— Task details —
Retype exactly the lines from the line with "Liatinový retro vešiak" to the end of the data, keeping both boundary lines.

[Records from a dataset]
[Start of Attachment]

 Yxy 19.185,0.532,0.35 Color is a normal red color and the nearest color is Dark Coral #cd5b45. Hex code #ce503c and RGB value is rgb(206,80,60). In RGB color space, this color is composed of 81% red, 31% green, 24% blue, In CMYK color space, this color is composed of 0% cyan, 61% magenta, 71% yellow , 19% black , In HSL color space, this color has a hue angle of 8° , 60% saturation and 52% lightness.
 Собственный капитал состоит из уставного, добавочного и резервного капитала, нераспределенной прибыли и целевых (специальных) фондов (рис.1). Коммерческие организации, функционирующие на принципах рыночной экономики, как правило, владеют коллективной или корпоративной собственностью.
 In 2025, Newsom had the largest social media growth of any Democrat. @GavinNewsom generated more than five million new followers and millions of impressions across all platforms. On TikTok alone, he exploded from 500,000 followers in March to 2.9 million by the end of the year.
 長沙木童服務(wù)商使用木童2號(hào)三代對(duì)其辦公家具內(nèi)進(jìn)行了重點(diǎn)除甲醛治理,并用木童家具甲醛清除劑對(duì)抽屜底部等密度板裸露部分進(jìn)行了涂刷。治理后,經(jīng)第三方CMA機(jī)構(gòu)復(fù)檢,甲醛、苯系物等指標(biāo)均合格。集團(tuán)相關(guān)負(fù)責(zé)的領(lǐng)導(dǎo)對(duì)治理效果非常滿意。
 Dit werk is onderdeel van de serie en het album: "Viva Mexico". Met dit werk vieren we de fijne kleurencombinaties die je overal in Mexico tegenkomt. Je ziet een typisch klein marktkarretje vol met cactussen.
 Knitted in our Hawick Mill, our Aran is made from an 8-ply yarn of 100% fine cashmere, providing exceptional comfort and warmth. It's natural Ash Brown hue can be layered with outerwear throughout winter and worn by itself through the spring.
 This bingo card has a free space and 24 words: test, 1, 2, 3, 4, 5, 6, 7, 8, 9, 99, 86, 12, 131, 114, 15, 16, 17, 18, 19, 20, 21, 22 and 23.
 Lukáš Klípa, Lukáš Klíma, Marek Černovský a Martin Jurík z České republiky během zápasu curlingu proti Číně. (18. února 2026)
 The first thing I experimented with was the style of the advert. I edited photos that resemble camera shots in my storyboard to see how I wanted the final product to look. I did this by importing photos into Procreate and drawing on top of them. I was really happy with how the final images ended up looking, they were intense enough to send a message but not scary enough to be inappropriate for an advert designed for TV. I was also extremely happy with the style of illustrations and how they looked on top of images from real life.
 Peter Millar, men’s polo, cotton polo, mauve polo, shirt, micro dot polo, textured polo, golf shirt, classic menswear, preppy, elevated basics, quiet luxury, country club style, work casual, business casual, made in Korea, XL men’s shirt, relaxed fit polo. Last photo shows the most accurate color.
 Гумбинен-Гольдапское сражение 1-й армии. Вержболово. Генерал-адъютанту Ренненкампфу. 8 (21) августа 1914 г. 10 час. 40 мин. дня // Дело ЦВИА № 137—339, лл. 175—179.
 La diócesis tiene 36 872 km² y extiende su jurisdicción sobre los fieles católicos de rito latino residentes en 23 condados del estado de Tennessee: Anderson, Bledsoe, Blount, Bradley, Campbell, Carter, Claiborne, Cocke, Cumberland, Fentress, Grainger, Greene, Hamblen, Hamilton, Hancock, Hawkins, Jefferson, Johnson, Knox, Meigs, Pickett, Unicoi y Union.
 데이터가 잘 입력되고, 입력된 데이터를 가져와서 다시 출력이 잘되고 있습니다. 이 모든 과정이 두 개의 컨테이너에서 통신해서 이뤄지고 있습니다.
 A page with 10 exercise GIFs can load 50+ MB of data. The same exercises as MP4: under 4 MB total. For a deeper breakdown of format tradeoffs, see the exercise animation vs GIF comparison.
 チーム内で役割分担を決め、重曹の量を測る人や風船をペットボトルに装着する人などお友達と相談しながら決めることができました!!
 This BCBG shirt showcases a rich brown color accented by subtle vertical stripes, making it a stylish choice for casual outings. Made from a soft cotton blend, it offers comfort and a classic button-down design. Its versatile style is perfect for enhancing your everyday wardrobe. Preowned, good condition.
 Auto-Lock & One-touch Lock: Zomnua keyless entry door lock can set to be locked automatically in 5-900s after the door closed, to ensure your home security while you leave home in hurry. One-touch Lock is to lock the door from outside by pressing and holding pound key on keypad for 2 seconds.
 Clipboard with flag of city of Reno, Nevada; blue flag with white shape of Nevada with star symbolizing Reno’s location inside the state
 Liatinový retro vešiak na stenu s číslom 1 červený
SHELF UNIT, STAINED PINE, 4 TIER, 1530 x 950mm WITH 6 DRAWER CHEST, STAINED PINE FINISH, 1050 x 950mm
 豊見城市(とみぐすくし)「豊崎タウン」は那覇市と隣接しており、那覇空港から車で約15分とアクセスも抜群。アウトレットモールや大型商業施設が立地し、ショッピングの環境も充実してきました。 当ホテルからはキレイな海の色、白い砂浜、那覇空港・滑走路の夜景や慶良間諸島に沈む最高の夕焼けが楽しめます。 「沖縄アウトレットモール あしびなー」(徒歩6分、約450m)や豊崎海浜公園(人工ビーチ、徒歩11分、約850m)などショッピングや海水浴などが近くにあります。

[End of Attachment]

— Solution to this exercise —
 Liatinový retro vešiak na stenu s číslom 1 červený
SHELF UNIT, STAINED PINE, 4 TIER, 1530 x 950mm WITH 6 DRAWER CHEST, STAINED PINE FINISH, 1050 x 950mm
 豊見城市(とみぐすくし)「豊崎タウン」は那覇市と隣接しており、那覇空港から車で約15分とアクセスも抜群。アウトレットモールや大型商業施設が立地し、ショッピングの環境も充実してきました。 当ホテルからはキレイな海の色、白い砂浜、那覇空港・滑走路の夜景や慶良間諸島に沈む最高の夕焼けが楽しめます。 「沖縄アウトレットモール あしびなー」(徒歩6分、約450m)や豊崎海浜公園(人工ビーチ、徒歩11分、約850m)などショッピングや海水浴などが近くにあります。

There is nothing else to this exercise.